404 Capture Log
An observer records every 404 your storefront serves, aggregates them by (request_path, store_id), and lets editors create redirects for the ones that matter most without leaving the admin.
Why capture 404s
Most stores have hidden 404 traffic from:
- Old URLs from a pre-Magento site that still get linked to
- Blog post URLs that changed when the content was rewritten
- Product URLs from a catalog migration where url_keys changed
- Deep-links from broken external sites
Without a capture system you only learn about these from sporadic Search Console reports. With one, you see every hit, sorted by frequency, with referrer + user-agent context.
Configuration
Stores → Configuration → SEO Suite → Redirects & 404 capture
| Field | Default |
|---|---|
| Capture 404s into the log | No |
| 404 log retention (days) | 90 |
| Additional ignore patterns | (empty — defaults already cover sensible noise) |
Per-store overrides supported.
Default ignore patterns
The capture observer skips paths matching:
/static/*, /media/*, /pub/static/*, /pub/media/*,
/api/*, /rest/*, /graphql*,
*.map, *.ico, *.txt, *.xml,
/favicon*, /apple-touch-icon*
These are static-asset 404s, robots.txt probes, sitemap requests, sourcemap fetches — noise that would dwarf your real 404 traffic. Add additional site-specific patterns via the config field (one per line, * wildcard supported).
How aggregation works
The observer doesn't insert one row per 404 hit — it INSERT … ON DUPLICATE KEY UPDATEs on (request_path, store_id):
- First hit → new row with
hit_count = 1 - Subsequent hits →
hit_countincremented,last_seenupdated, latestreferreranduser_agentoverwritten query_stringoverwritten on each hit (last-wins)

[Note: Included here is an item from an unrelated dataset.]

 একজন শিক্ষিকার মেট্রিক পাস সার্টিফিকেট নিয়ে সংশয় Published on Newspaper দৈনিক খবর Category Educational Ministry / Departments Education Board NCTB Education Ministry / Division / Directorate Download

So a path that's hit 1000 times produces one row with hit_count = 1000, not 1000 rows.
Admin grid
Marketing → SEO Suite → 404 Capture Log
Default sort: hit_count DESC so the worst offenders surface first.
| Column | Notes |
|---|---|
| ID | Internal entity_id |
| Hits | Total since first_seen for this path |
| Path | The 404'd request_path |
| Query string | Last query string seen |
| Store | Store ID where the 404 occurred |
| Last referrer | Most recent referrer header |
| Last UA | Most recent user-agent (truncated to 510 chars) |
| Resolved | Yes when a redirect has been created for this path |
| First seen / Last seen | Timestamps |
Per-row action: Create redirect — only shown when not resolved. Lands you on the redirect form with request_path pre-populated.
Workflow: from 404 to 301
- Editor opens the 404 Capture Log → sees
/old-product-page.htmlwith 247 hits, last hit yesterday - Clicks Create redirect → redirect form opens with
request_path = old-product-page.html - Editor fills in
target_path = new-product-page.html, picks 301 - Save →
RedirectManagercreates the rewrite + sidecar row + marks the 404 entry as resolved - Future 404s for this path cease (request now serves a 301)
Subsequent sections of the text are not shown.